One of the many Women’s Royal Naval Service (WRNS) personnel who worked for Bletchley Park at an off-site outstation, Ruth Bourne, who has died aged 99, joined the Wrens as an 18-year-old sixthformer on the outbreak of the Second World War. From a recruiting office in Birmingham, she was posted to the Tulliechewan Estate Royal Navy Camp near Loch Lomond, Scotland, for square bashing, floor scrubbing and formal training, as 78519 WRN R. Henry. Very little of the estate and buildings survive today.

Here she was categorised for special duties and told it would be secret work with no chance of promotion, long working hours, and once “in” she could not come “out”. Ruth agreed to this and was obliged to sign the Official Secrets Act, at which point she was told the work involved specifically the breaking of German codes. She was very briefly sent to Bletchley Park (BP), but permanently worked at a “Bombe” outstation of Bletchley Park at Lime Grove, Eastcote, in west London, code named HMS Pembroke V for the Wrens serving there, and later Stanmore.
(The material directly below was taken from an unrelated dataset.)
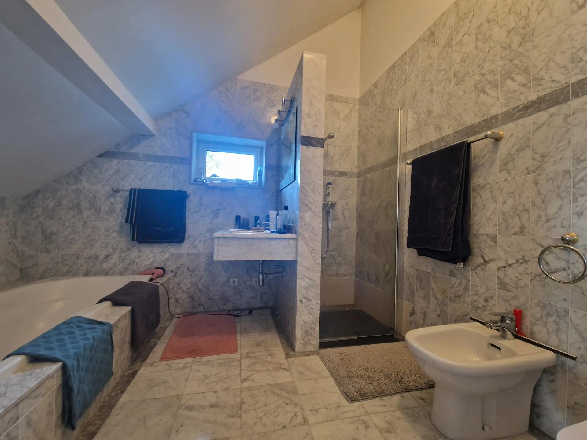 Im ausgebauten Dachgeschoss stehen vier weitere Zimmer, zwei davon als Durchgangszimmer mit eigenem Sanitärbereich in Form eines Badezimmers mit Dusche und WC zur Verfügung und runden das großzügige Gesamtpaket ab.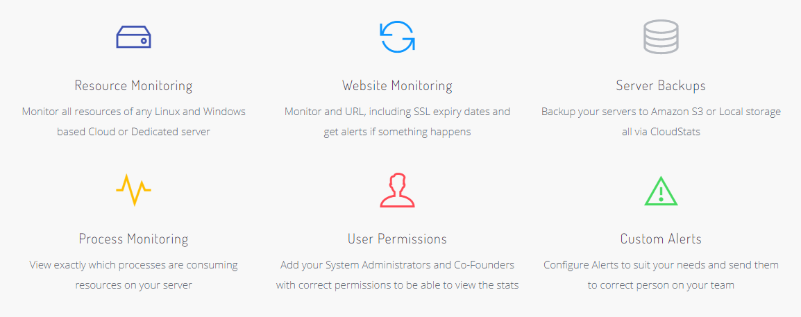 Continuously oversee all resources associated with dedicated or cloud servers for both Linux and Windows systems. You can also keep an eye on URLs, monitor SSL expiration dates, and get notified if any problems occur. Utilizing CloudStats enables you to back up your servers to either Amazon S3 or local storage solutions. This tool helps you pinpoint which processes are consuming server resources. You can also grant access to relevant statistics to your system administrators and co-founders by assigning them the necessary permissions. Customize alert settings to suit your needs and ensure they reach the appropriate team members. CloudStats acts as a thorough website and server monitoring tool for both Linux and Windows environments. It functions by deploying an agent on your server, which gathers and sends data to the monitoring platform every minute, thereby providing a consistent flow of information. The agent forms a secure SSL connection for safe data transmission, necessitating the opening of ports 443 and 80 to ensure effective operation. Port 443 is used for data transfer, while port 80 is responsible for sending pings and keep-alive signals, which maintain ongoing communication. This configuration not only allows for proactive management but also enables quick responses to potential issues, thus significantly improving overall server reliability. Furthermore, regular updates from the monitoring platform help you stay informed about any changes or anomalies that may affect performance.

After the war Eastcote remained part of the MoD but was finally sold off and is now a housing estate called Pembroke Park in honour of its wartime use.

These outstations were also sites for Britain’s code-breakers during the war, in this case only staffed by Wrens, and Ruth lived on-site in custom-built barracks. Her role, with others, was to operate the Bombe machines. These electromechanical code-breaking machines were initially designed by Alan Turing to decipher the equivalent of 36 Enigma machines – sometimes in as little as 15 minutes – which the Germans used to send secret messages. These decrypts were then sent to Hut 6 at Bletchley for interpretation and onward despatch to leaders at the battlefronts.

The Wrens were not, themselves, code-breakers. They were technicians who did not know what was in the German messages that were decrypted and then sent to translators. Officials decided how the information should be used.